The selection of Merion Golf Club for the 113th U.S. Open was an expensive decision for the USGA. The small size of Merion (just 111 acres) and its location in the heart of a well-populated suburb just miles from Philadelphia forced the USGA to limit ticket sales. According to Bloomberg Businessweek's Michael Buteau, the USGA is set to lose $10 million on the event.
In acknowledging history, the USGA is squeezing a 21st Century event, its fans, sponsors and media into a course built 117 years ago. Merion, in suburban Philadelphia, is about half the size of last year’s U.S. Open host, San Francisco’s Olympic Club.
Ticket sales were limited to 25,000 a day, down about 45 percent from the typical 40,000-45,000. Fewer fans means less revenue from concessions and merchandise. The USGA, which governs the sport in the U.S. and Mexico, is expecting to lose $10 million on the event, according to a person with knowledge of the organization’s finances. The person was granted anonymity because the information isn’t public.

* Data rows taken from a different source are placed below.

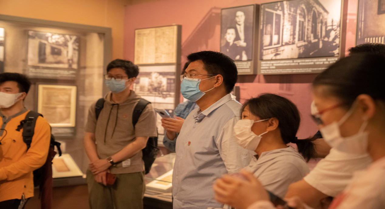 6月20日上午,新闻传播学院党委各位党员同志集合中共一大会址纪念馆。展厅内,新闻传播学院党委副书记吴成皓领誓,师生党员们在党旗下重温入党誓词。通过现场讲解、摆件还原、影片再现等方式,百年前这场决定中国命运的会议再次生动地呈现在大家面前,浓厚的学习热情与爱国情怀洋溢充斥在每位同志的眼眶与内心之中。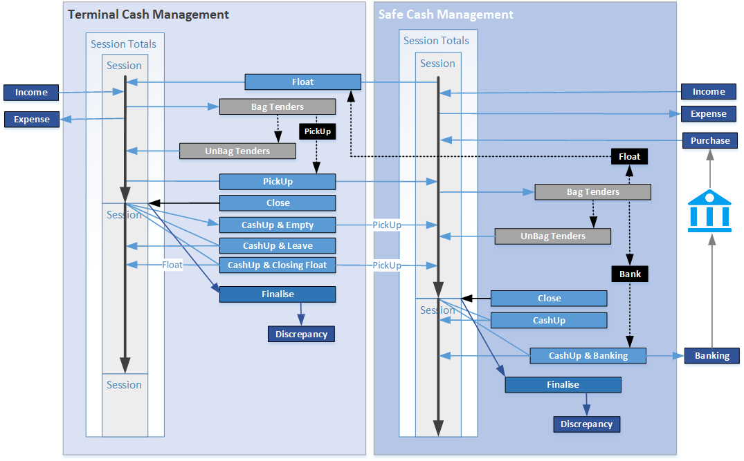 Cash management is made up of 2 types of management: safe management, and terminal management. Safe management transactions will affect one or more store safe entities, while terminal management transactions will affect a single terminal, pay point, or cashier.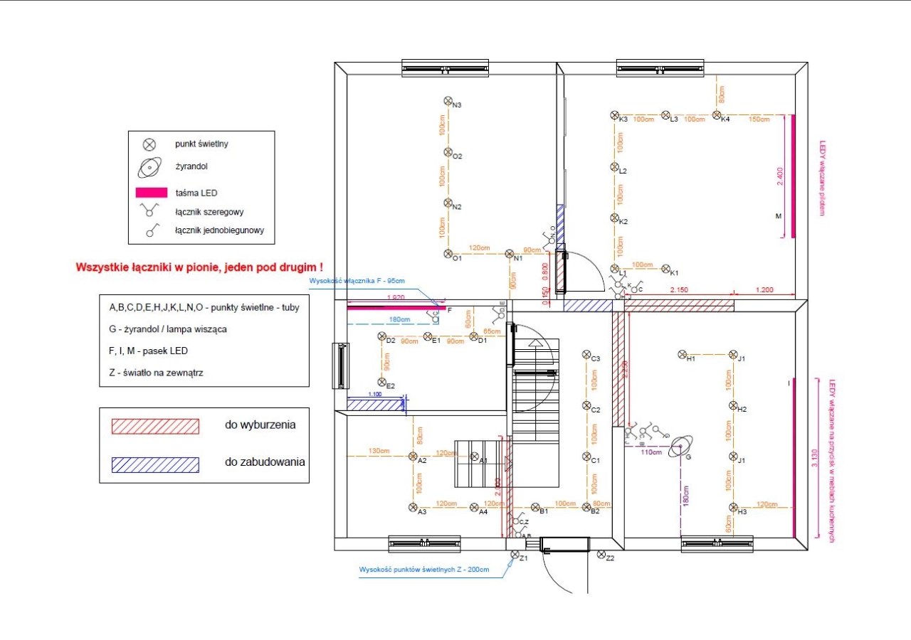 Rozprowadzone zostały również wyjścia pod ogrzewanie podłogowe, alarm i monitoring oraz bramę elektryczną. Internet - światłowód ,,Księżyc” w budynku.

“I don’t think we’ll make up for the loss,” Sarah Hirshland, senior managing director of Business Affairs for the USGA, said in a telephone interview. “Clearly these line items will look different this year.”
In a Q&A published in the June issue of Golf Magazine, Mike Davis, executive editor of the USGA, admitted this year's Open would lose some money due to the size constraints at Merion, but said that money is not the deciding factor in selecting Open venues.
Is it true you'll lose money on this Open? We've never selected a U.S. Open based on money. We want to be fiscally responsible; we know that's the engine that drives everything we do. I don't want to get off-topic, but the amount of money we put back into the game is significant. If you conservatively look at what the USGA has spent directly back into the game, it's almost a billion dollars in the last 12 years. There isn't anybody putting that kind of money back into the game. So we do need to be responsible. But will the USGA lose money? We find that when we go to a big venue like Bethpage or Pinehurst, they make millions and millions of dollars more. You go to a little site like Oakmont, Winged Foot, they will make some money, but after expenses, not a significant amount. And I'm excluding the television rights fee, because with that it doesn't matter if it's a big or a small site. But when you go to an ultra-small site like Merion, it's true, we won't make money — in fact, we'll lose some money. But we look at it from a standpoint of a five-year period, and we're very comfortable with where we are.